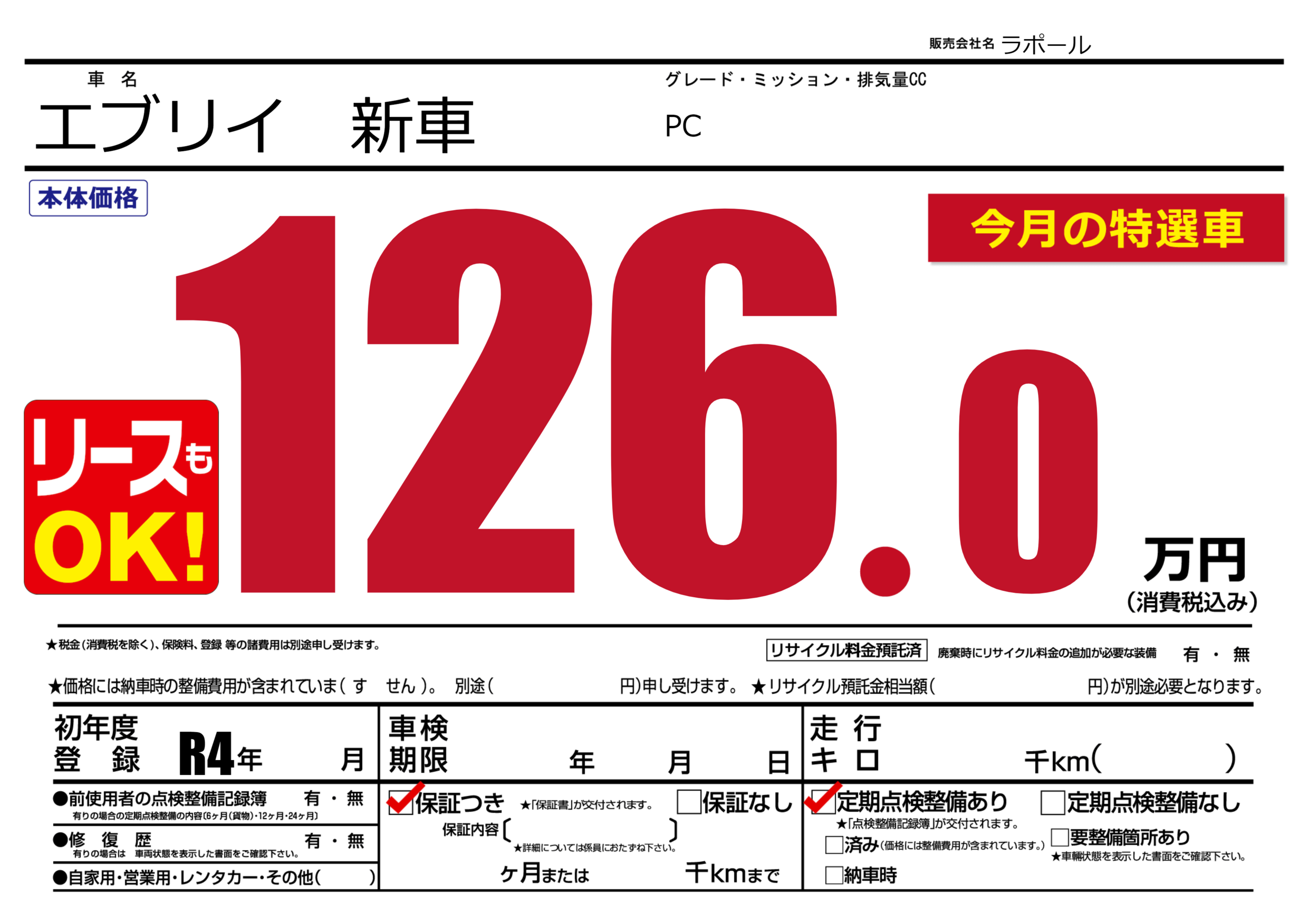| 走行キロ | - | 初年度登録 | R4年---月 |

_____

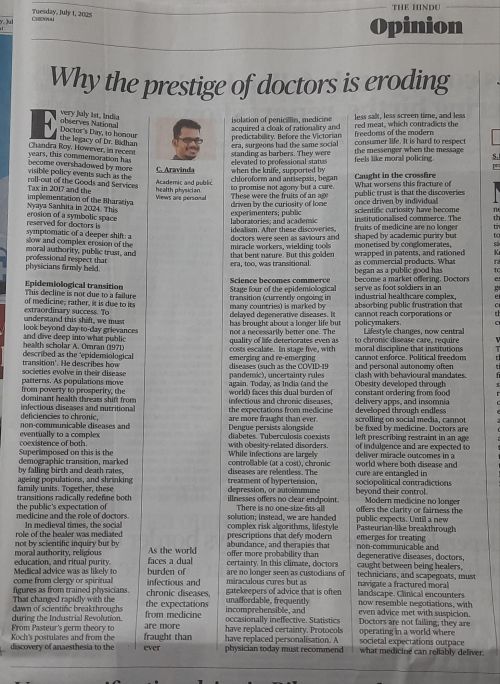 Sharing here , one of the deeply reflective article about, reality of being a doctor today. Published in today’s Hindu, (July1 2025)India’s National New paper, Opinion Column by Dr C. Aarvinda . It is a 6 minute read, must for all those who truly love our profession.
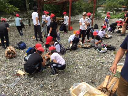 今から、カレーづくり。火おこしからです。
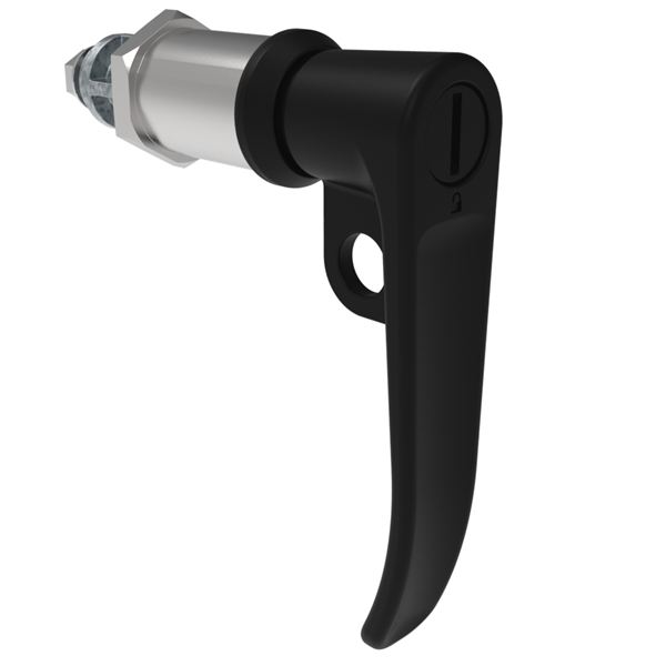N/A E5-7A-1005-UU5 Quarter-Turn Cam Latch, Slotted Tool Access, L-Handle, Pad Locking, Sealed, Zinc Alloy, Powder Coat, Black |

_____

What you return must match, character for character, the lines above from the one with "今から、カレーづくり。火おこしからです。" through the one with "N/A E5-7A-1005-UU5 Quarter-Turn", minus any pictures.

• Answer to the problem:
 今から、カレーづくり。火おこしからです。
N/A E5-7A-1005-UU5 Quarter-Turn Cam Latch, Slotted Tool Access, L-Handle, Pad Locking, Sealed, Zinc Alloy, Powder Coat, Black |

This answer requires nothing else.